Facilities: These tests will be arranged for you by our medical staff. The imaging tests are not performed in our office and are scheduled on another day. Because they are special tests, they are usually performed in our local free-standing, radiology imaging facilities (Greensboro Imaging, Triad Imaging, etc.) or in local hospital (Moses Cone Hospital/Cone Health) that is located directly across the street from The Ear Center.
Insurance: Finally, we recommend that you review the terms of your current health insurance policy to check if cochlear implants are a covered service for you. Cochlear implantation is a well recognized technology, is the standard of care for the treatment of severe-to-profound hearing loss that cannot be treated with hearing aids, and is fully approved by the FDA for adults and children 12 months and older. Most health insurance carriers cover cochlear implants. However, some do not. If you have questions after reviewing the terms of your policy, we recommend that you contact your company's health care benefits department.

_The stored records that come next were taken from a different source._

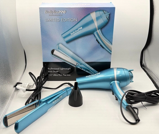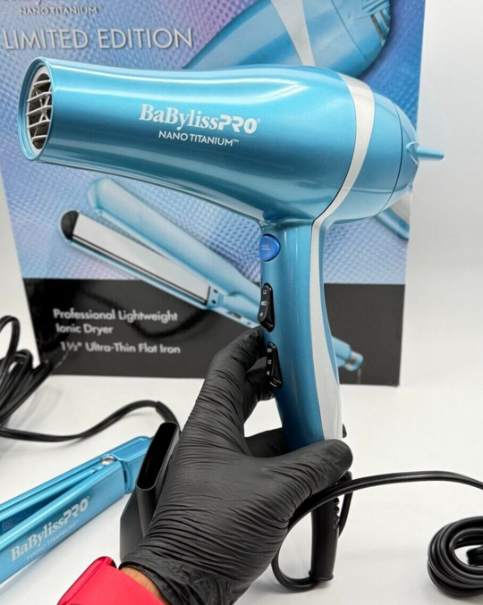 Sold out              Vendor: BaByliss BabylissPro Nano Titanium Limited Edition Duo- Dryer & 1.5in Ulta Thin Flat Iron Brand: BaBylissType: Flat IronPower Source: ElectricHeating Plate Material: TitaniumColor: BlueFeatures: Adjustable Heat Settings,Cool Tip,Instant Heat,Ionic TechnologyHair Type: All Hair Types,Coarse Hair,Color Treated Hair,Curly Hair,Damaged Hair,Dry Hair,Fine Hair,Long Hair,Normal Hair,Oily Hair,Thick Hair,Wavy HairMaterial: PlasticMaximum Temperature: 450 °FPower:...Regular price $90.00Quick view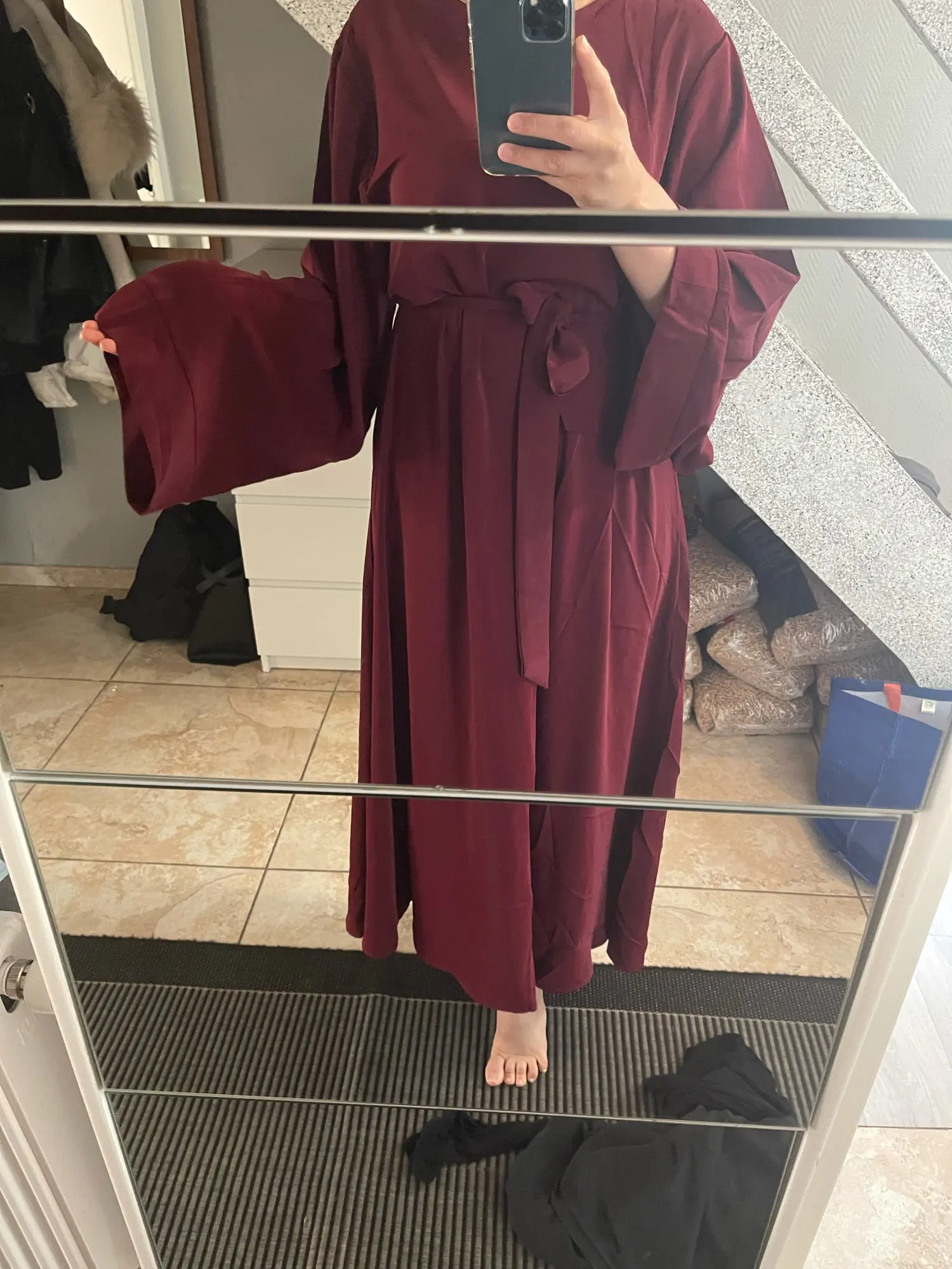 Просто Абая прибывает ясно, что это прекрасно. У меня есть цена 2XL, чтобы она была широкой (1m72), и она падает на землю, как мне нравится. Доставка: 2 недели идеально!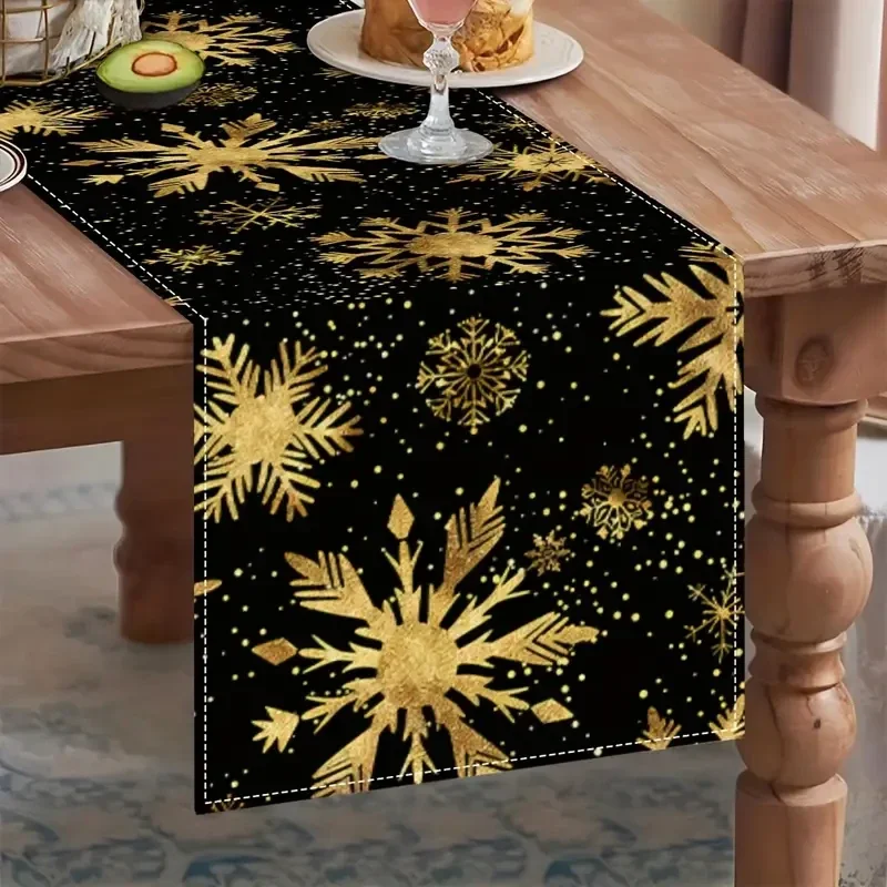 Geweldig toch zo'n chique tafelloper van zwart meteen decor van goudkleurige sneeuwvlokken en kersterren. Om helemaal alvast in de sfeer van de feestelijke decembermaand te komen. (0075)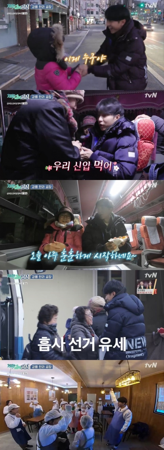 이날 '체험 삶의 공장'을 맡은 이승기는 한과 공장 체험을 위해 출근 버스를 기다렸다. 이승기는 "이번에는 출근부터 함께해서 몸과 정신의 상태를 최적화 시키겠다"며 포부를 드러냈다.

Currently, the approximate cost for cochlear implantation is in the range of $40,000-$45,000 depending on the type of device implanted, length of surgical center or hospital stay, etc. Please check with your insurance company concerning your individual benefits concerning cochlear implants. Our Ear Center staff can also help you with insurance questions.
We sincerely hope that this information concerning cochlear implant evaluations is helpful to you. Please remember to bring your hearing aid(s) and medical/hearing test records with you or arrange for them to be sent or faxed to us prior to your visit. Our fax number is (336) 273-9936. Our cochlear implant team genuinely looks forward to meeting you and your family and introducing you to the world of cochlear implants - the cutting edge of medical technology.
New recommendations have been issued by the Center for Disease Control:
- Children should receive PCV13 vaccinations.
- Older children (ages 2-5 yrs.) should receive two doses of PCV13 if they have not received any doses of PCV7 or PCV13. If they have completed the four doses of PCV7 series, they should receive one dose of PCV13 through age 71 months.
- Children 6-8 yrs of age may receive a single dose of PCV13 regardless of whether they have previously received PCV7 or the pneumococcal polysaccharide vaccine (PPSV) (Pneumovax)
- In addition to PCV13, children should receive one dose of PPSV at age 2 or older and after completing all recommended doses of PCV13.
- Adults 19 yrs of age or older should receive a single dose of PPSV.
- For both children and adults, the vaccination schedule should be completed at least two weeks before cochlear implant surgery.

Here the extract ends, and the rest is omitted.